In another word, the output produced by the conditional generator must be assessed by the critic, which estimates the distance between the learned conditional distribution P_G(row|cond) and the conditional distribution on real data P(row|cond). “The sampling of real training data and the construction of cond vector should comply to help critics estimate the distance” [4]. Properly sample the cond vector and training data can help the model evenly explore all possible values in discrete columns.

The model structure is given below, as opposite to TGAN, there is no LSTM layer. Trained with WGAN loss with gradient penalty.

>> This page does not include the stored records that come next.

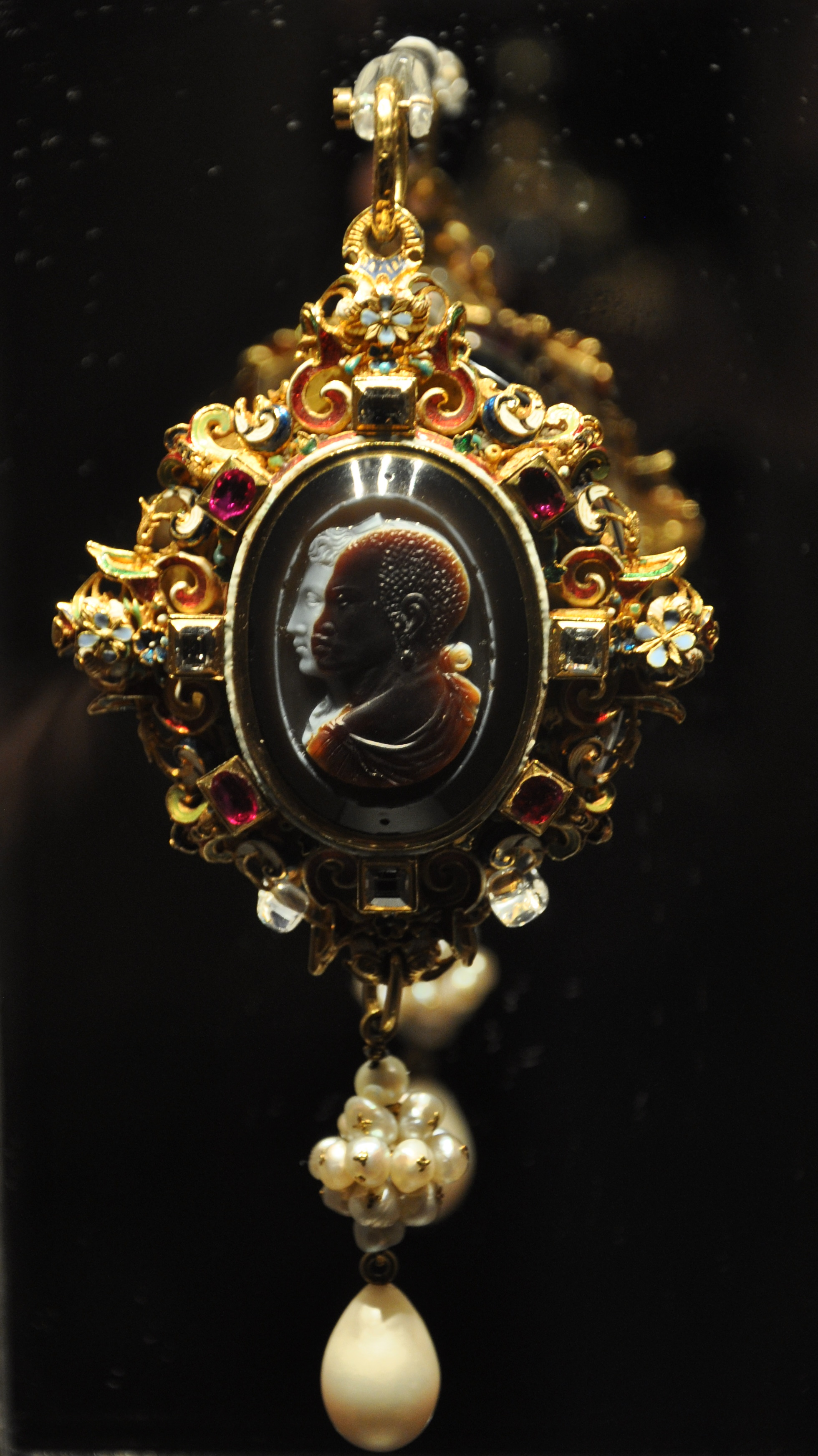 The Drake Jewel given to Sir Francis Drake by Elizabeth I probably in the year 1586. Victoria and Albert Museum.
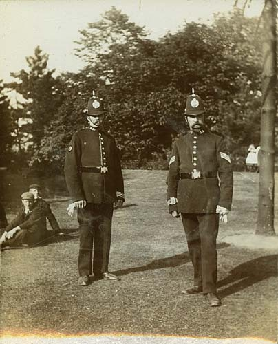 A photograph of two officers of Birmingham Parks Police. This photograph was taken for an album containing scenes in the parks during the Edwardian period.
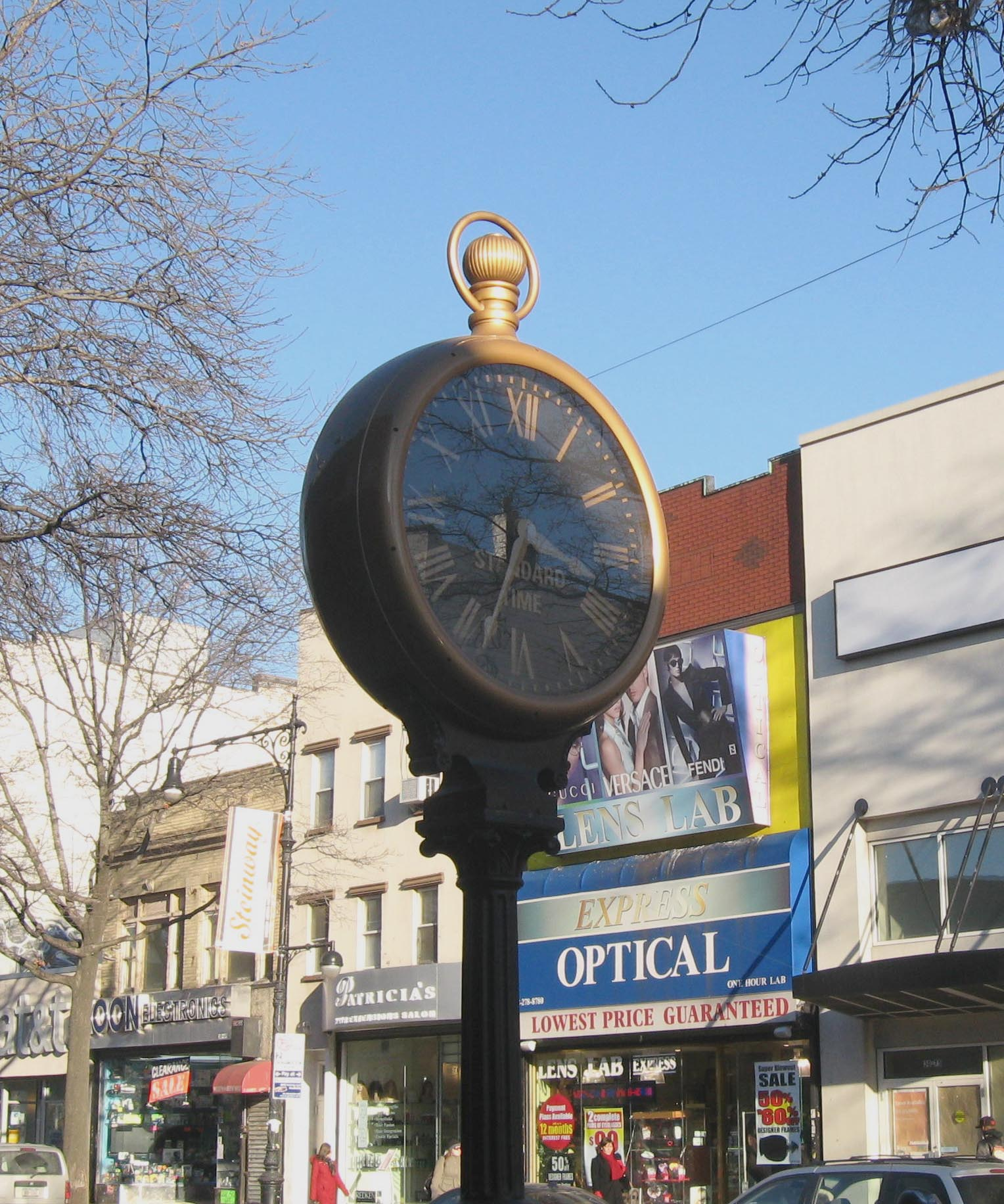 Looking northeast at 30-78 Steinway Street clock, too late on a sunny afternoon.

Generator. Source arXiv:1907.00503v2 [4]
Discriminator. Source arXiv:1907.00503v2 [4]

Also, they propose a model based on Variational autoencoder (VAE), but it out of the scope of this article.

Results

Proposed network CTGAN and TVAE outperform other methods. As they say, TVAE outperforms CTGAN in several cases, but GANs do have several favorable attributes. The generator in GANs does not have access to real data during the entire training process, unlike TVAE.

Benchmark results over three sets of experiments, namely Gaussian mixture simulated data (GM Sim.), Bayesian network simulated data (BN Sim.), and real data. They report the average of each metric. For real datasets (f1, etc). Source arXiv:1907.00503v2 [4]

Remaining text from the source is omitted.